I shake my head. “He was waiting for Kirsten. Someone wants her very badly.”
A Panda car rounds the corner and cruises slowly up the street. Two kids in uniform peer from side to side, looking for house numbers. Five minutes earlier they would have shat themselves or been shot. Thank heavens for small mercies.
Interviews must be conducted and statements taken. Ali fields most of the questions, giving a description of the car and driver. According to the computer the license plates belong to a builder's van in Newcastle. Someone has either stolen or copied them.
Under normal circumstances, the local CID would label the whole incident as road rage or call it a fail-to-stop accident. By normal circumstances, I mean if ordinary members of the public were involved instead of two police officers.
The Detective Sergeant, Mike Drury, is one of the young Turks from Paddington Green, who cut his teeth interviewing IRA and now Al Qaeda suspects. He looks up and down the street burying both hands in his pockets. His long nose sniffs the air as though he doesn't like the smell of it.
“So tell me again, why did you want to see Kirsten Fitzroy?”
“I'm trying to find a friend of hers—Rachel Carlyle.”
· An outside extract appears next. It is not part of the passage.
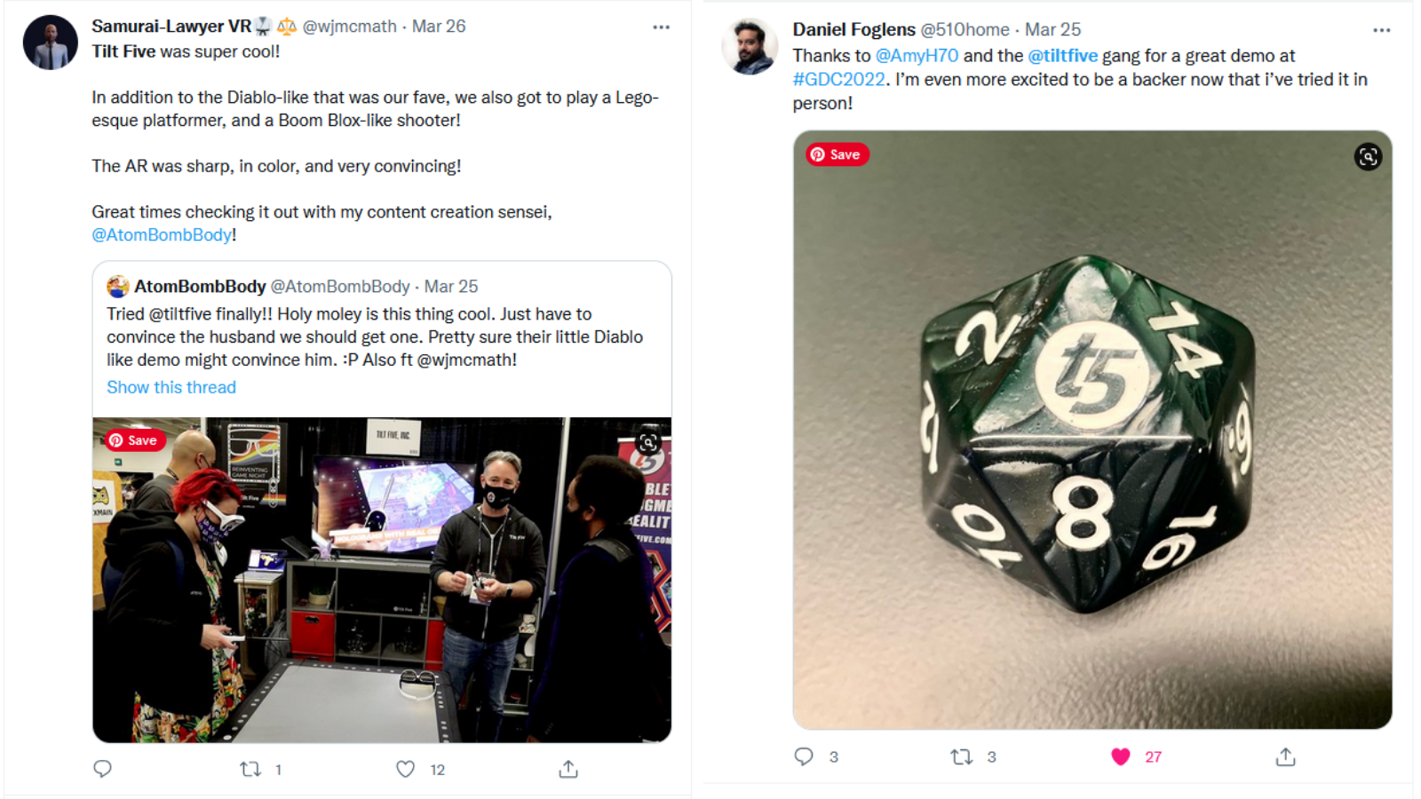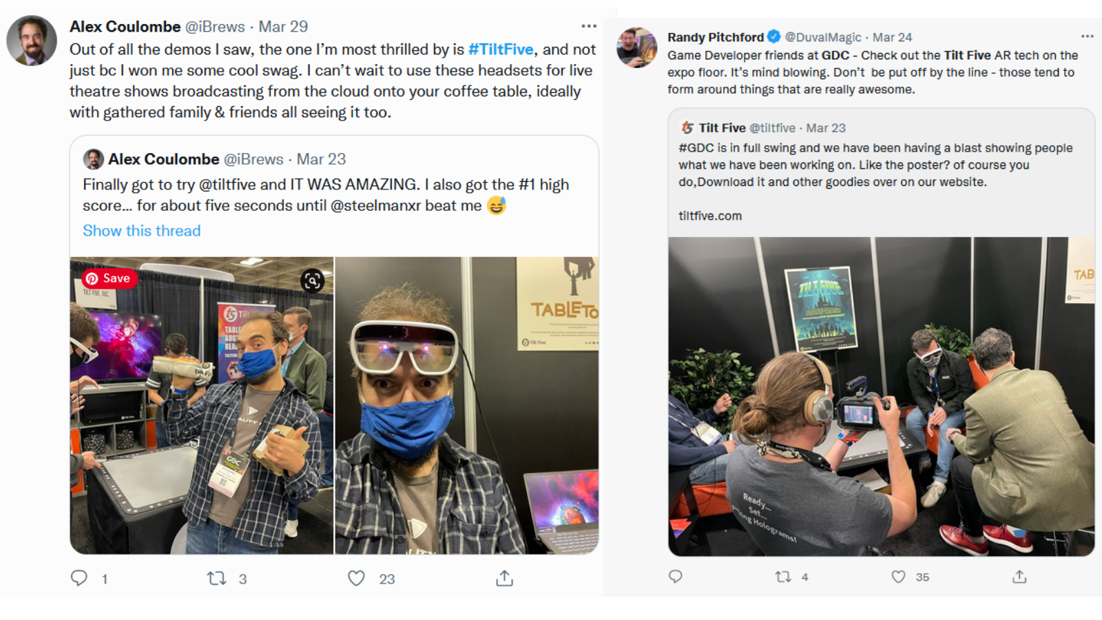 "The experience of using Tilt Five reminds me a lot of using the Nintendo Wii at parties. It’s like a large screen that you can only see with glasses, except that your view point on the screen changes with the 3D graphics." - Micah Blumberg, SVGN
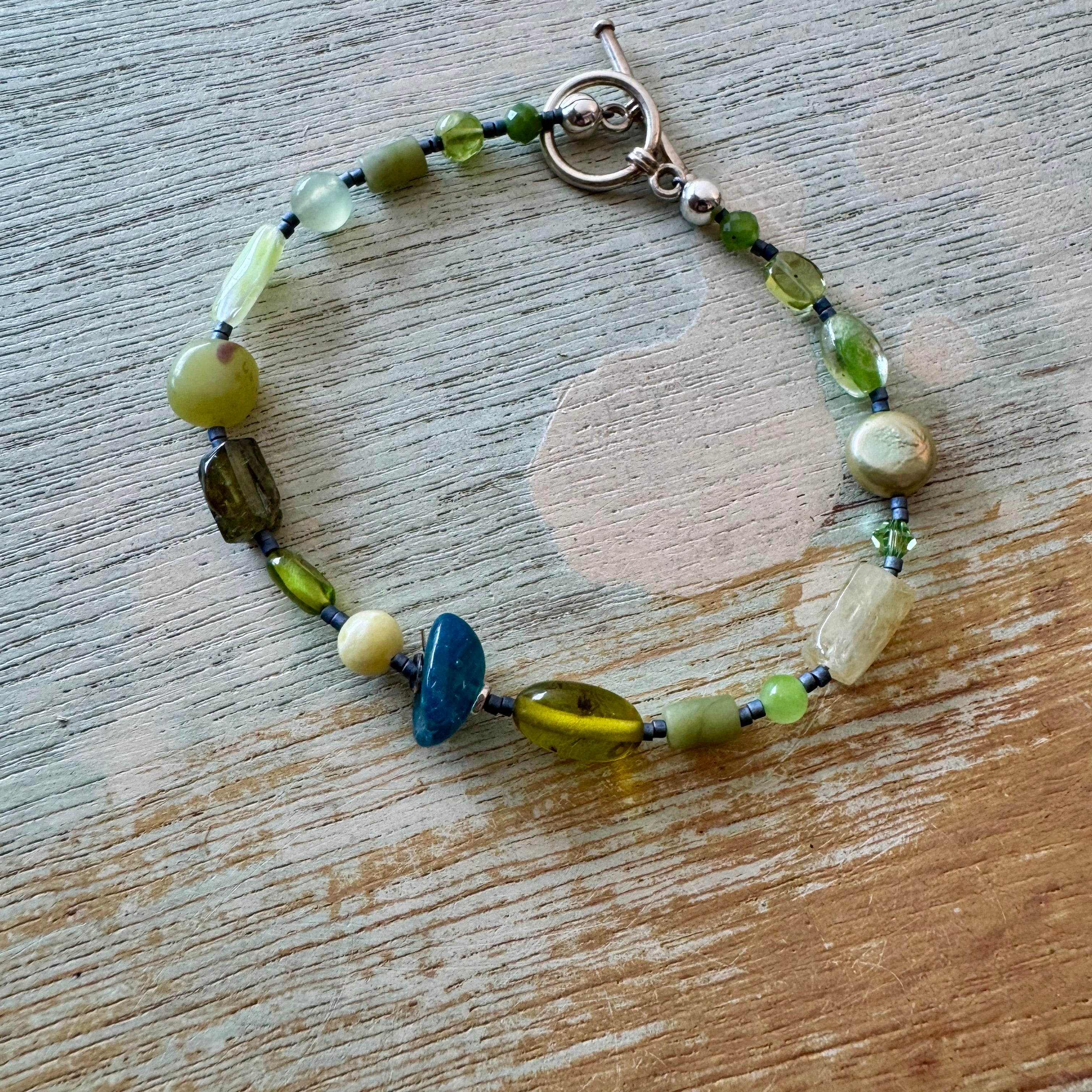 A Swedish blue glass (slag) from the forest of Sweden, tumbled and drilled, combined with various cus of Baltic Amer, peridot, agate, tourmaline, freshwater pearls and a sterling silver toggle. 8 3/4"

“And why do you want to see her?”
“To catch up on old times.”
He waits for something more. I'm not budging.
“Did you have a warrant?”
“I didn't need one. Her door was open when we arrived.”
“And you went inside?”
“To make sure there wasn't a crime in progress. Miss Fitzroy might have been hurt. There was probable cause.”
I don't like the tone of his questions. This is more like an interrogation than an interview.
Drury scribbles something in his notebook. “So you reported the break-in and then noticed the guy in the car.”
“He seemed out of place.”
“Out of place?”
“Yes.”
“When you approached him, did you show him your badge?”
“No. I don't have my badge with me.”
“Did you announce yourself as a police officer?”
“No.”
“What did you do?”
“I tried to open the passenger door.”
“So this guy was just sitting in a car, minding his own business, and you appeared from nowhere and tried to break into his car?”
“It wasn't like that.”
Drury is playing devil's advocate. “He didn't know you were police officers. You must have scared the shit out of him. No wonder he took off—”
“He had a gun. He pointed it at my partner.”
“Partner? I was under the impression that DC Barba worked for the Diplomatic Protection Group and is currently on holiday leave . . .” He consults his notebook. “And according to my information, you were suspended from all duties yesterday and are now the subject of an investigation by the Independent Police Complaints Commission.”
I'm getting pretty pissed off with this guy. It's not just him—it's the whole attitude. Forty-three years on the force and I'm being treated as if I'm Charles Bronson making Death Wish XV.
In the old days there would have been sixty officers crawling all over this place—searching for the car, interviewing witnesses. Instead, I have to put up with this crap. Maybe Campbell's right and I should have retired three years ago. Everything I do nowadays is either against the rules or treading on someone's toes. Well, contrary to popular opinion, I haven't lost my edge. I'm still smarter than most scrotes and a damn sight cleverer than this prick.
“Ali can answer the rest of your questions. I have better things to do.”
“You'll have to wait. I haven't finished,” says Drury.
“Are you carrying a gun, DS?”
“No.”
“What about handcuffs?”
“No.”
“Well, if you can't shoot me and you can't shackle me—you can't keep me here.”